Линда представила, как в Анкоридже спустя несколько недель после этого дня спохватятся родные, забьет тревогу Чак. Сейчас она всех обманула, искать ее не будут долго, думая, что она в отъезде, но потом… А, в сущности, к чему ей возвращаться? Семья переживет. Чак? Чак забудет. И Линде стало нестерпимо грустно. Что, собственно, изменилось? Лежишь ли посреди снежной пустыни, находишься ли там, внизу, в городе, – все равно. Ведь и в Анкоридже она так же одинока, как здесь. И в Анкоридже ее голоса, ее молящего о помощи крика никто не слышит. Вот уже много лет.

Говорят, страшнее всего быть одиноким среди толпы, но Линде было не просто страшно. Ее охватил ужас от другого: она не чувствовала разницы между толпой и пустыней. И тут и там щемящее одиночество, бесконечное одиночество мятущейся души. Вспомнились почему-то дет-ские мечты об отце… Он бы примчался, нашел, выкопал из сугроба. Он бы отыскал во что бы то ни стало.

Линда почувствовала, как по щекам покатились слезы. Нет, не стоит открывать глаза, чтобы еще раз увидеть страшный мир, такой же холодный, безмолвный, как снег, покрывающий этот край девять месяцев в году.

– Ну вот, только этого не хватало, – раздался тихий мужской голос.

Что? Галлюцинации? Линда прислушалась. Голос продолжал:

– Болит что-то? Только не плачь. – Теплая рука коснулась щеки и ласковым движением вытерла слезы.

Линда затаила дыхание. Неужели она уже настолько замерзла, что потеряла сознание и теперь бредит? Но какая хорошая галлюцинация, прямо-таки ожившая мечта. Конечно, умирающий рассудок вычленил самое дорогое, самое ценное… Нет, нельзя открывать глаза, иначе все исчезнет. Иначе на место чудесной иллюзии снова придет безрадостное существование.

А голос все говорил, а теплая рука все скользила по щекам:

– Ну, перестань. – Ладонь легла на лоб. – Только температуру сбил, а ты опять нагонишь. Ты хоть скажи, что болит, я ведь не могу догадаться.

Линда наслаждалась каждым словом, каждым звуком этого голоса, каждым прикосновением этих рук, столь нежных и заботливых, что они просто не могли существовать в реальности.

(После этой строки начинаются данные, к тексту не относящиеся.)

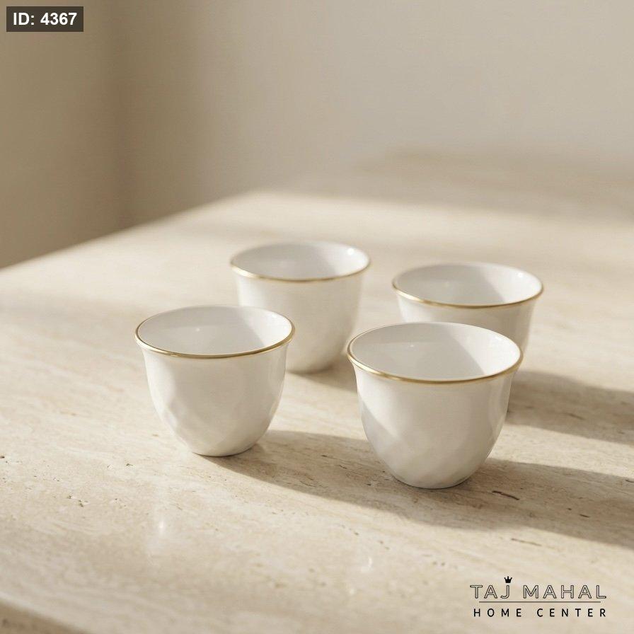 طقم فناجين قهوة سادة بورسلان ابيض وحافة ذهبية

Нет, такой желанной бывает лишь мечта. Если бы знать раньше, что подобные мгновения можно пережить, только замерзая в снегу у подножия Эдельвейса, она кинулась бы сюда, не задумываясь отдала бы жизнь за несколько часов столь невообразимого блаженства.

– Ну, посмотри же на меня, – просил голос. – Что ты все жмуришься?

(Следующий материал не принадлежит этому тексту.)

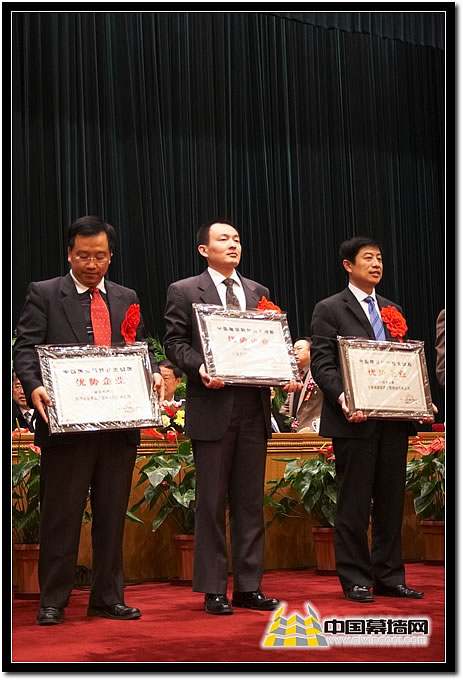 圖十六 建筑幕墻類 獲獎(jiǎng)企業(yè)如深圳金粵、上海美特、上海高新企業(yè)代表上臺(tái)領(lǐng)獎(jiǎng)
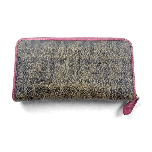 FENDI ラウンドファスナー 長財布 ズッカ柄 カーキ ピンク PVC 8M0299 イタリア製
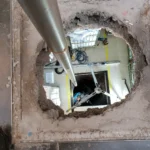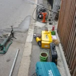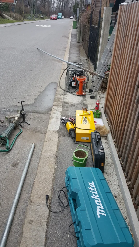 Die folgenden Bilder dokumentieren Schlagbrunnenbau bei engen Zugängen, Innenhöfen und schwer erreichbaren Gartenanlagen.

Но Линда боялась расстаться со своей иллюзией и потому только сильнее сжимала веки. Однако прикосновения были явственно четки и реальное тепло согревало тело…

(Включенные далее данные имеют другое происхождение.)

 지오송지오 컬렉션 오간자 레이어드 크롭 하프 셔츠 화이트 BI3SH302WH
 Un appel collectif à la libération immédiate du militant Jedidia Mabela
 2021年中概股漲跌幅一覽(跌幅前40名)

Джон не сразу заметил, что девочка проснулась. Он сидел рядом с кроватью в любимом кресле-качалке и читал, раз в час меняя на лбу «пациентки» полотенце, смоченное в травяном настое. Благо девочка, оказавшаяся для своего возраста очень уж сообразительной – далеко не каждый взрослый найдет с ходу способ спасти свою жизнь в подобной ситуации, – почти не пострадала от лавины. Были синяки, отеки левого запястья и правого голеностопного сустава, полученные, вероятно, во время прыжка с большой высоты. Но это как максимум результат трещины, никак не перелома кости. А скорее и вовсе ушибы.

Куда больше волновала температура, причины которой выяснить пока было невозможно. Она лезла вверх, несмотря ни на какие принимаемые меры. Будь у Джона антибиотики, он, может, и сделал бы укол. Но у него их не было. А девочка вот уже вторые сутки металась в полузабытьи, бормотала бессвязные фразы об отце, которого ждала всю жизнь, о каком-то парне по имени Чак, о младших братьях, о скорой смерти и бог знает о чем еще.